3. I think that to an extent it is an invasion of privacy. I mean, many politicians are attacked because they had a bad divorce or some other family problem. To me, that is an invasion of privacy, that is the politicians personal business and has part in politics. At the same time, I think it is important to know what decisions they have made in earlier political offices and so forth. I don't really know where I stand on this issue, which could be considered a knowledge issue, but those are some of my thoughts on the issue.

4. I think the smear campaigns really do play on emotions, because they are intended to make you feel a certain way towards that politician (Hatred, Frustration, Dissatisfaction, etc.). However, being someone that values logic over emotion I do have a bias towards using the "emotion card". However, I still feel that smear campaigns are an emotion based concept.

5. I'll keep this brief. I do believe that we will elect a minority as president some day, large or small. The door is always open in my book. Also, we have been taught for a great amount of years about how it is wrong to discriminate, so I think that eventually it could happen. But that's just me being idealistic...

Sorry that was so long, but it was a lot of questions to answer...

J.Malone said...


It would be interesting to post a similar post on the international blog to get a perspective as to how campaigns work in other countries.

katrina337 said...

1. Smear campaigns probably wouldn't be as effective, but they would still serve a purpose. And I believe it would be a hinderance to completely get rid of visual perception in politics.

2. I think most of the people that believe them are the ones looking for a reason to hate the other candidate. That's just my observation, I could be completely wrong.

3. I don't know. I somewhat agree that we should really get to know our politicians, but they also deserve to have a private life. So I'm kind of in the middle.

4. I think that there is some sense of them trying to appeal to the general public visually, but I think logic still plays a rather large part.

5. I would hope so. At this point, I can't really tell.

shilpa said...

1. I think that if we didn't use our visual sense perception, we wouldn't get as much out of smear campaigns as we would if we used our sight. I think that the derogatory claims that are made about politicians during smear campaigns would still help us formulate opinions regarding the politician. Also, I think that we would pay more attention to the politician's way of speaking, for isntnace, rather than their appearance if we didn't use sight.

2. I think that this addresses the knowledge issue of availability. It is easier for someone to listen to a smear campaign, which is easily accessible on the television, rather than conducting their own research on politicians which would be more difficult to do. Therefore, I think people often fall into the "I don't have the time" trap and believe in smear campaigns.

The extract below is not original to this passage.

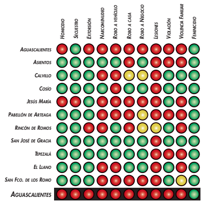 Con base en estos datos, el Semáforo Delictivo encendió su alerta máxima en Aguascalientes para los delitos de homicidio, secuestro, extorsión, lesiones, narcomenudeo, violaciones sexuales, lesiones, violencia familiar, así como robo a casa, a negocio y a vehículos; es decir, diez de los once delitos evaluados mensualmente por la organización.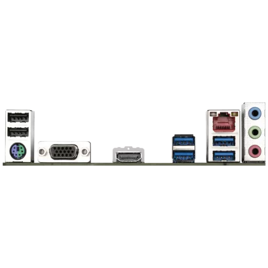 1 × PS/2 Keyboard/Mouse Port 1 × D-Sub, 1 × HDMI Port 4 × USB 3.2 Gen1, 2 × USB 2.0 Ports 1 × RJ45 LAN, 3 × Audio Jacks |

3. I don't think that ALL of the information that we are given about politicians is an invasion of privacy. For instance, I think that it is important for the general public to receive information on the opinions of politicians and where they stand on certain issues. However, I don't think that the public needs to know every little detail of a politician's personal life. Several people will claim that it is important for us to know about a politician's personal life to determine their effectiveness as a leader, but politiicans are still humans and will have their flaws as well.

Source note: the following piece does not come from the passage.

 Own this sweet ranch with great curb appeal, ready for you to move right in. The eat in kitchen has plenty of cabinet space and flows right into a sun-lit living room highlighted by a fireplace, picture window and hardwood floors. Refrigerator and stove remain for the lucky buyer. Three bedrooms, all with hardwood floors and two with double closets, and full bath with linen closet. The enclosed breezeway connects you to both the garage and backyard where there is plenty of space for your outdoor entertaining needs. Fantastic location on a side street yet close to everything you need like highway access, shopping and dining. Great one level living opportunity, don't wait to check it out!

4. I think that politicians are using both logic and emotion in their campaigns. They show their sense of logic by stating their oponions on issues and justifying them with facts but they also use emotion to try and win people over. For instance, Hillary Clinton is wearing pink to show her support of breast cancer, thus using visual perception to draw emotion from her voters on an important issue.

5. I hope that the U.S. will be able to take this step in politics but I am not sure if it will actually happen or not because it would be breaking the tradition of having a white male ruling our country.